D’autres progrès sont aussi nécessaires pour garantir un partage plus équitable des fruits de la croissance. Bien que la situation sur ce plan se soit arrangée ces 10 dernières années, la pauvreté et l’inégalité demeurent plus importantes que dans d’autres régions ou pays avec des niveaux de vie comparables. Le ciblage des dépenses publiques et l’efficacité des systèmes de protection sociale doivent encore être améliorés. Cela est particulièrement crucial actuellement, alors que la hausse des prix alimentaires se double d’une hausse des prix de l’énergie, car la politique économique devrait viser à protéger les pauvres et éviter une généralisation des subventions, qui sont coûteuses et faussent la répartition des ressources (notamment en encourageant une surconsommation de carburants). La région devrait méditer les leçons du succès des programmes de prestations sous conditions mis en place au Brésil (Bolsa Família) et au Mexique (Oportunidades), qui accordent des aides aux familles défavorisées à condition qu’elles gardent leurs enfants à l’école. Les pays d’Amérique latine devront également améliorer la qualité des services fournis dans les domaines de l’éducation, de la santé et de la sécurité publique pour répondre aux attentes d’une classe moyenne toujours plus nombreuse et s’adapter à l’intensification de la concurrence mondiale.

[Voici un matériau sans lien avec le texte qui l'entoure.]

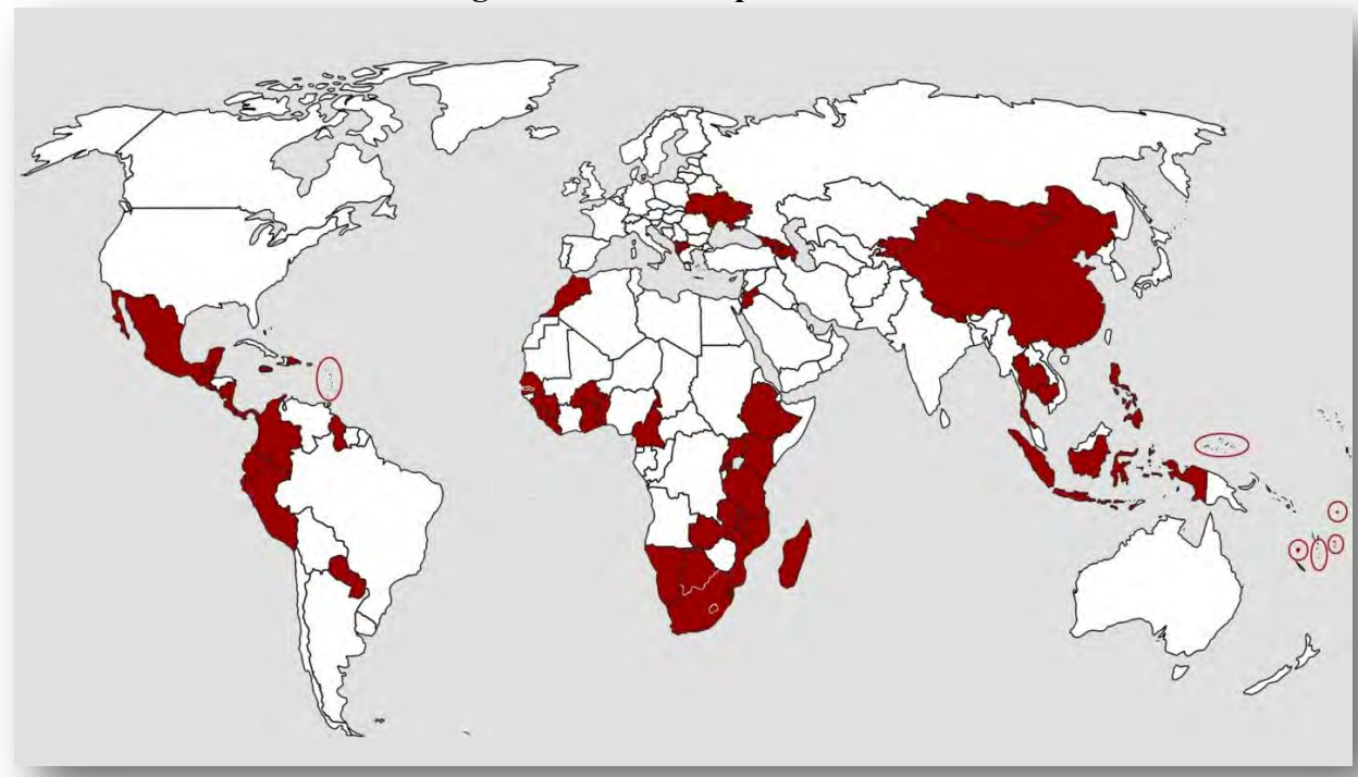
Figure 1. Peace Corps Countries

As of September 30, 2013, the Peace Corps had active programs in 65 countries that were administered through 61 overseas posts (Figure 1 provides a graphic representation of where Peace Corps Volunteers currently serve). Posts are organized into three regions: Africa; Europe, Mediterranean, and Asia; and Inter-America and Pacific.
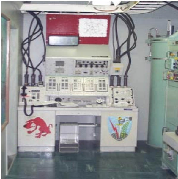
Minuteman I Console at Malmstrom Museum
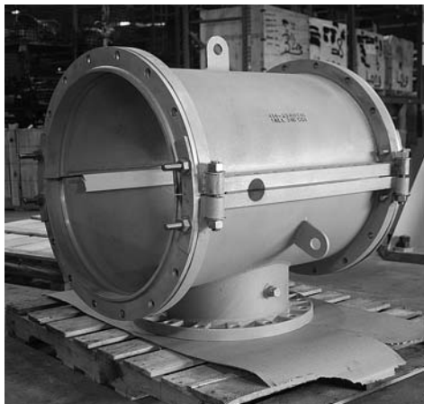
Above: 6414-24x16 All 316 Stainless Steel

The JCM 414 Fabricated Mechanical Joint Tapping Sleeve is recommended for taps on pipe that will not accommodate a direct top seal tapping sleeve. The 414 utilizes a true mechanical joint sleeve design that completely encompasses the tap area, eliminating any potential leaks due to pipe cracks or breaks. Side gaskets are internally and externally trapped in a recessed groove machined into the bolting lug bars that completely compress the gaskets creating the watertight seal on the sides of the sleeve. The end gaskets are compressed into the sleeve housing with mechanical joint end glands, providing the water tight seal on the ends of the sleeve and completing the full encapsulation of the tap area.
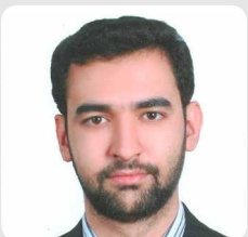
Mohammad Javad Azari Jahromi Deputy Minister, Chairman of the Board & Managing Director TELECOMMUNICATION INFRASTRUCTURE COMPANY
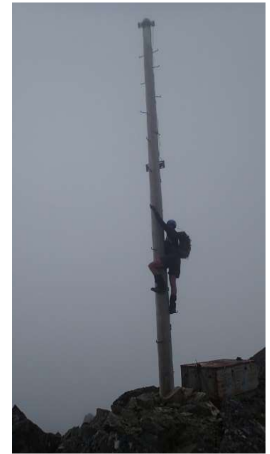
The very top of Technical

We proceeded along the ridge and then into a large bowl at the top of the valley which led to another ridge that went up to the peak. We met a couple that had been most of the way to the peak but turned back because they thought there would be no view from the top. There was a lot of scrambling over rock along the ridge before we had to sidle to avoid the gnarly part. The sidle was over loose rock and scree. As we neared where we thought the peak should be, we still couldn't see where it was. As it is a high point on a ridge, we had to use the GPS to pinpoint where we should go. We climbed up a steep and difficult scree slope and eventually reached some rock to climb up. Once we gained the top we could see the trig and a large pole through the mist.
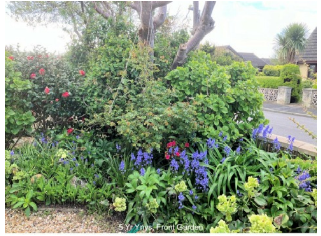
5 Yr Ynys, Front Garden
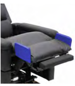
Channel Legrest CHP198320
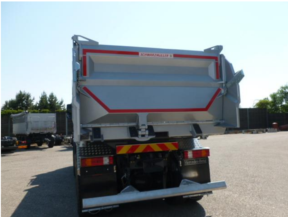
4 mm steel sheet rear wall, approx. 980 mm high, hinged with raised bearing and pneum. lock that can be operated from the cab and unit can be partially folded down
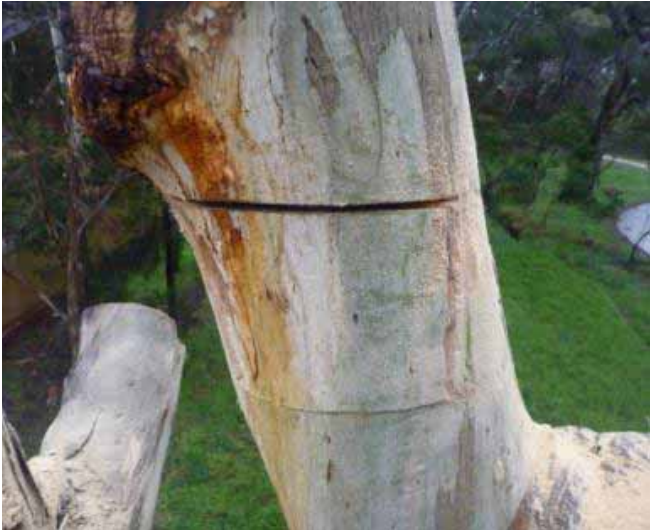
Figure 3: Cut faceplate

The size of the face plate removed will determine the size of the artificial hollow.
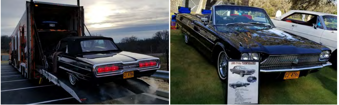
Figure 1 Leaving MD
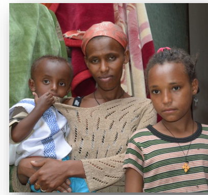
Lensa Family of 3
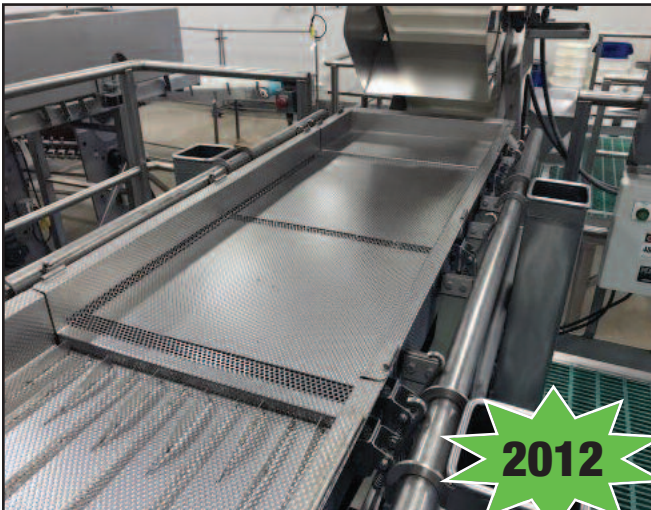
Meyer Vibratory Inspection Line
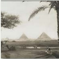
The Great Pyramid at Giza c. 2555 BC
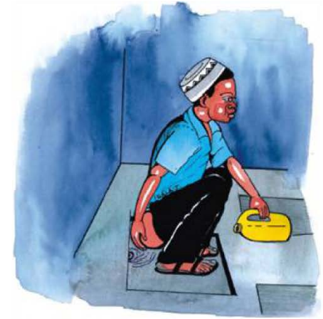
WASH BOTTOM OVER SQUAT HOLE OR DEPOSIT PAPER IN WASTE BIN

Bien que la population latino-américaine soit encore jeune, les systèmes publics de retraite et de maladie devront être renforcés pour répondre aux besoins d’une population âgée de plus en plus nombreuse. Il faudra y parvenir sans compromettre la viabilité des finances publiques. Dans certains cas, cela supposera d’accroître les recettes et de mieux hiérarchiser les dépenses, en réduisant notamment les subventions qui ne ciblent pas les pauvres.

* * * * *

Malgré une histoire chaotique, l’Amérique latine peut tirer parti de la force et de la résistance qui la caractérisent désormais. Dans une conjoncture mondiale plutôt stimulante, les décideurs de la région devront manœuvrer habilement pour éviter que les cycles expansion/récession du passé ne se répètent, tout en s’ef-forçant de pérenniser les conditions propices à une croissance plus soutenue et plus équitable.

Nicolás Eyzaguirre est Directeur du Département Hémisphère occidental du FMI.